Nucleotides are rejected if they do not have the correct base pairing 
(i.e., are unmatched). Even though these copying mechanisms proceed 
with high fidelity, mistakes are sometimes made through the insertion of 
a non-matching nucleotide, thus creating a mutation. Random mutation 
is one of the foundations for evolution, since it can introduce variations 
in the genetic code over time. 

The genome of an organism is made up of one or more long molecules 
of DNA that are organized into chromosomes. A chromosome consists 
of an uninterrupted length of double- stranded DNA that contains many 
genes.
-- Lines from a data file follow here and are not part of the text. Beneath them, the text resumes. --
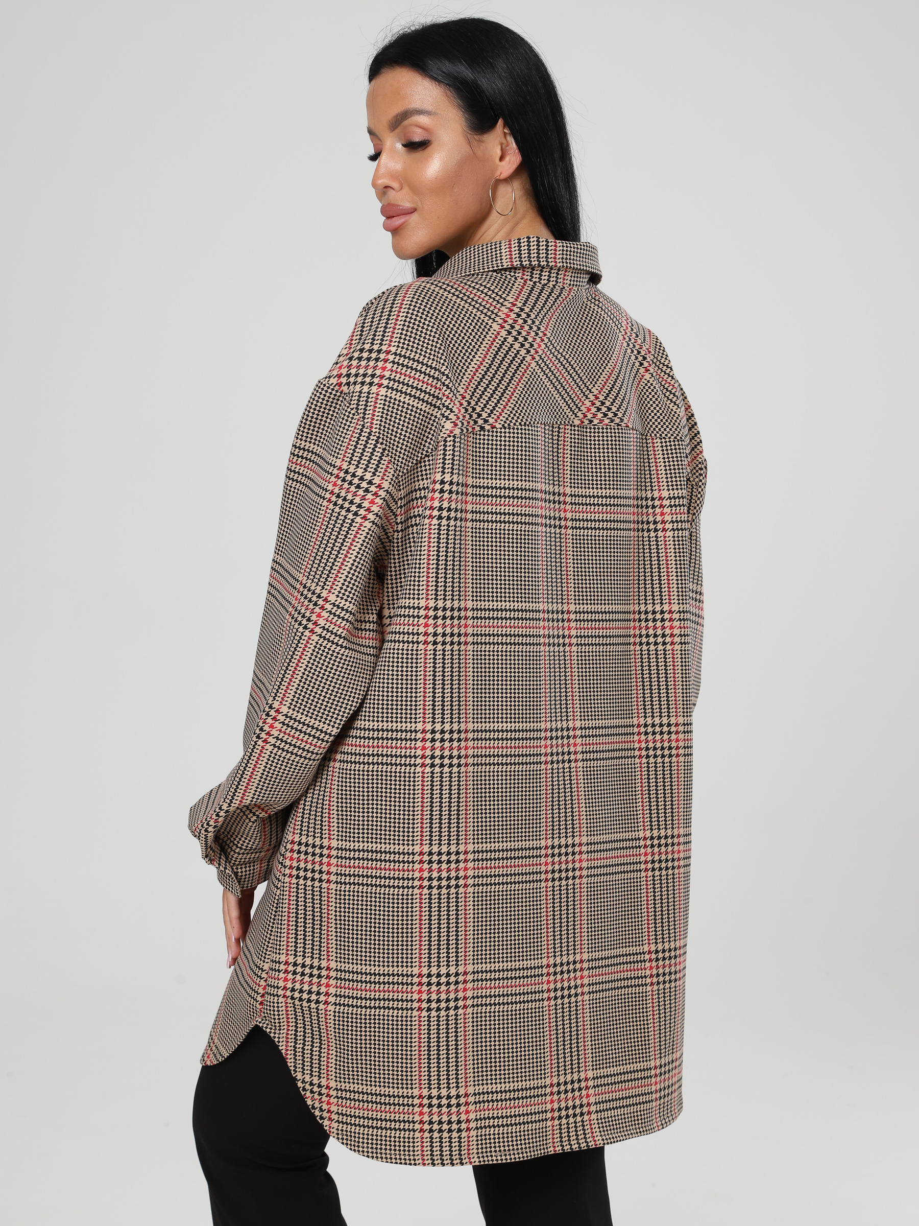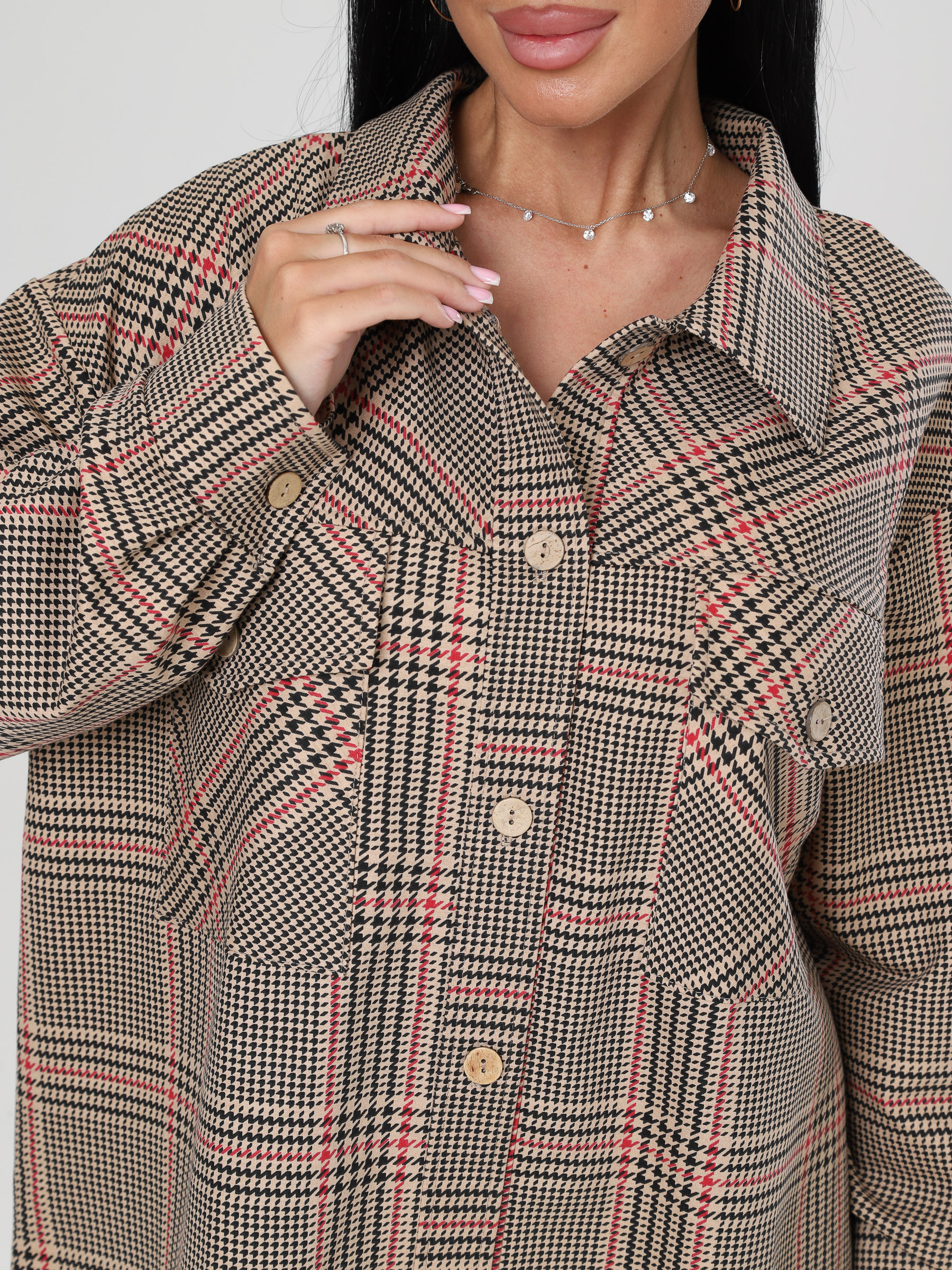 Женский жакет макси ЖФ-53 / Клетка бежевая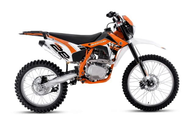 Model I MARKA : Barton nxt 250 Silnik: 250cc, 1 cylinder, 4-suw Skrzynia Biegów: manualna, 5 biegów (1-N-2-3-4-5) MAX.Moc: 26KM Rozruch: elektryczny i nożny Napęd: Łańcuch, rolka, prowadnica łańcucha Hamulce: hydrauliczne: HYDRAULICZNE tarcza przód, tarcza tył Zawieszenie przód: UPSIDE DOWN Zawieszenie tył: amortyzator na kiwaku, REGULOWANY ! GAZOWY ! Wymiary: dł./szer./wys.: 2100 x 810 x 1300 mm Wysokość siedziska: 880mm Opona przód: 80 / 100 - 21" Opona tył: 110 / 90 - 18" Masa własna: 115kg Pojazd nie posiada homologacji, więc nie jest dopuszczony do ruchu po drogach publicznych.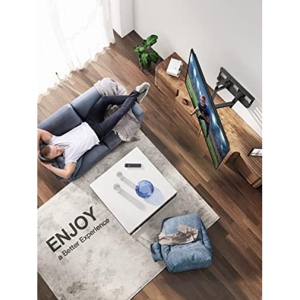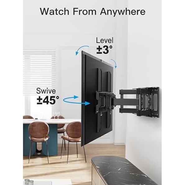 - OPTIMIZED VIEWING EXPERIENCE: This Full motion tv mount is able to reduce glare with vertical tilt ranging from +5 to -15 degrees, customize your viewing angle with +/-45 degree full motion swivel left to right., level the TV by +/-3 degrees to fine-tune the TV’s position.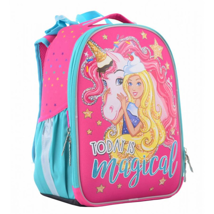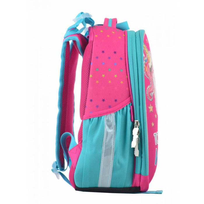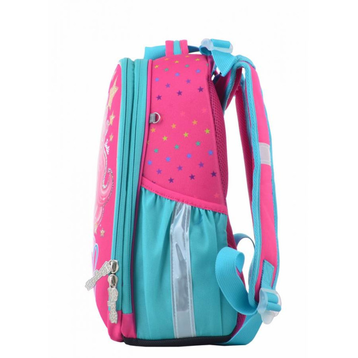 Габарити: 26х35х16 см Об'єм: 14 літрів Вага: 900г. Основний матеріал: поліестер. Особливості: рюкзак призначений для молодших школярів, має два основних відділи. Всередині сітчаста кишеня, роздільник для зошитів, а також кишенька-гаманець. Вся поверхня рюкзака має жорсткі вставки, передня EVA-панель захищає його від пошкоджень, дно посилене цупкою матерією.. Додатково: водонепроникний, 1 світловідбиваючий елемент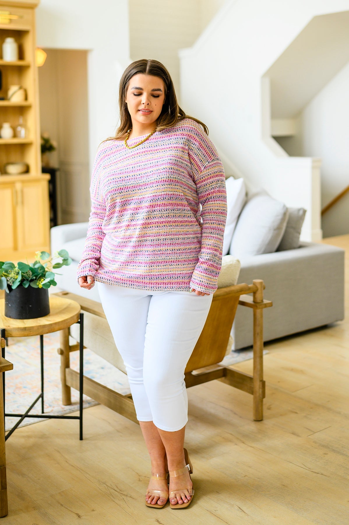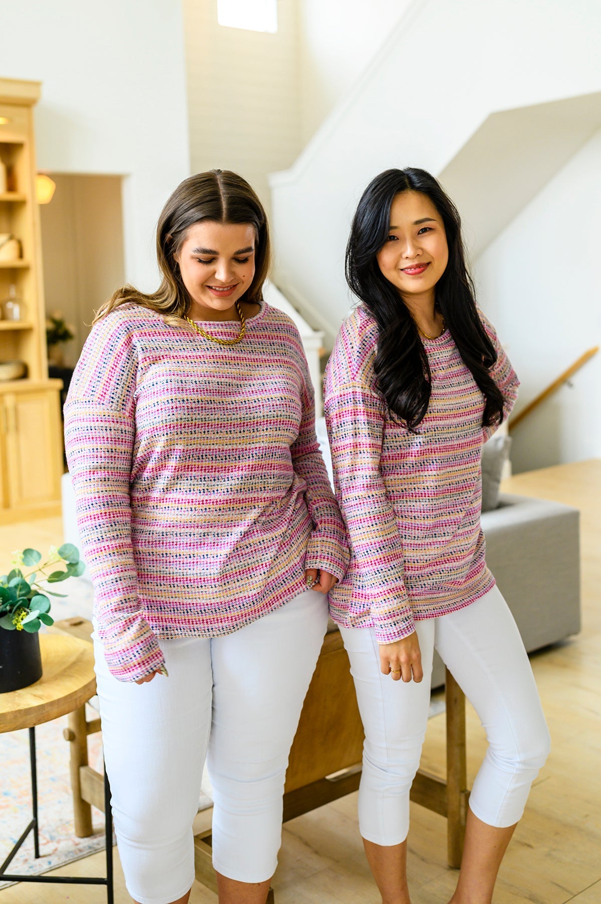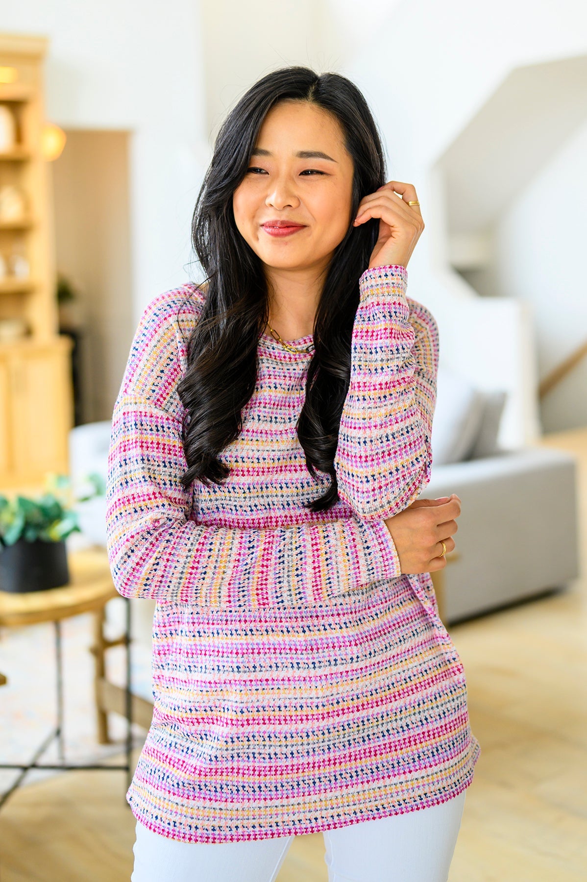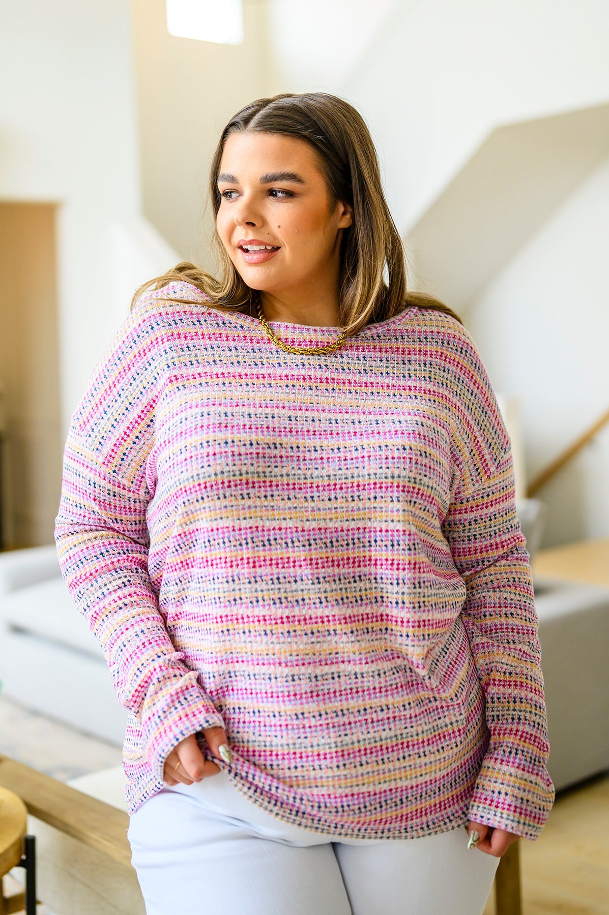 Introducing the Just About Right Top: the lightweight, droopy-shouldered top that has it all! Featuring a fun, variegated woven stripe and a soft waffle-knit, it’s the perfect way to add a little texture to your wardrobe without the added weight. Look great and feel even better in this long-sleeved stunner!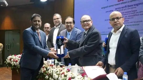 শেরপুর সদর প্রতিনিধি : ময়মনসিংহ বিভাগের ২০২৪–২৫ অর্থবছরে ‘শ্রেষ্ঠ জেলা প্রশাসক’ হিসেবে সম্মাননা অর্জন করেছেন শেরপুরের জেলা প্রশাসক ও জেলা ম্যাজিস্ট্রেট তরফদার মাহমুদুর রহমান। ভূমি মন্ত্রণালয়ের উদ্যোগে প্রদত্ত এই

For most bacteria and fungi, the cells contain only one copy of 
the genetic material, and these organisms are called haploid. In higher 
organisms, two copies of each chromosome and its component genes are 
present; these organisms are called diploid. Human cells contain two sets 
of 23 chromosomes, for a total of 46. During reproduction 23 chromo- 
somes from the father and 23 from the mother are combined and mixed 
to make a new set of 46 chromosomes in the progeny. The chromosome 
pairs in the diploid cells may not be identical and may contain variants 
of the same gene. The variations have been created by random mutation 
over time. A mutation consists of a change in the sequence of base pairs 
(bp) in DNA. A mutation in a coding sequence may change the sequence 
of amino acids in the protein. Gene variants like this that occupy the 
same position or locus on a chromosome are called alleles. A gene may 
have multiple alleles. This mixing of gene variants explains how traits 
like eye color can be inherited from either the mother or the father. Two 
chromosomes with the same gene components are said to be homologous. 

The unit of replication is the chromosome. When a cell divides, all the 
chromosomes are replicated. When a chromosome is replicated, all its 
genes are replicated. In addition to containing information about a pro- 
tein component or function, genes also contain regulatory elements that 
determine when and where the gene in question needs to be transcribed 
and translated.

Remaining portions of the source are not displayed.